I opened the the SpeedHub and found a very dusty situation there, actually pillows of dust and contacts covered by dust. Also the fan stopped working since months as I can see. Now it works again, but it seems the bearing is damaged due to high noise level. After cleaning it I'll make a new try today lunch time in order to see if I can really throw it away or if it's working properly again. 
Thank you for helping me finding the error. People here couldn't really tell me how old the device really is, so I didn't expect this to be the issue at first.


----------



## TerryNet (Mar 23, 2005)

You're welcome.  Nice detective work on your part.


----------



## casefolder (Nov 13, 2008)

I have another small question:

It's still working perfectly, no reboots or disconnects neither slow browsing. The old fan stopped turning again. If you blow at it it starts again. This fan only pushes hot air out. It's far away from a convection system which also blows fresh air inside. 
Would it be a big risk to remove the fan? 

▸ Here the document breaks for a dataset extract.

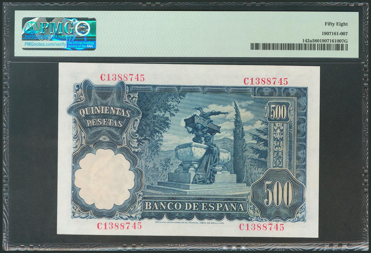 500 Pesetas. 15 de Noviembre de 1951. Serie C, última serie emitida. (Edifil 2017: 460a). EBC+. Encapsulado PMG58.

It would create a bigger hole there. On the other side there's also a whole and some slots are also cut into the case cover. 
I assume this would be enough cooling since the device works properly for a long time now.

Edit:
Similar probs started again. After a restart of the machine and the fan it works properly again! I ordered a new device to be on the safe side. Might be hard to find a fan with the same specs and it's still not clear if the device itself has a permanent problem due to the overheating it went through all these weeks.
I'll use it at home for experimenting, nothing for the office anymore, LOL


----------



## TerryNet (Mar 23, 2005)

I would have advised the same action. Whatever the new switch costs it has to be "cheap" compared to having a dozen or so computers (partially) out of service with their users taking an extra coffee break. 

You can mark this solved using the







button at the upper left of the page.


----------



## casefolder (Nov 13, 2008)

The reboot problem on the Speedtouch TG585v7 still persists. Spontaneously this happens several times a day. On Monday I expect a technician to come and hopefully exchange it. The Support told me they can't see any disconnects, so they expect "too much browsing" but they were open to hear all my arguments!
Yesterday I simulated a "heavy load" - situation. I downloaded the ubuntu linux version on 12 computers simultaneously, while having Outlook open and also internet explorer or also skype active. 
And funny, funny, funny, the modem didn't crash. More than 40 minutes I ran this test. I documented the uptime of the DSL-connection. Such a situation is extreme, it would never happen under normal circumstances.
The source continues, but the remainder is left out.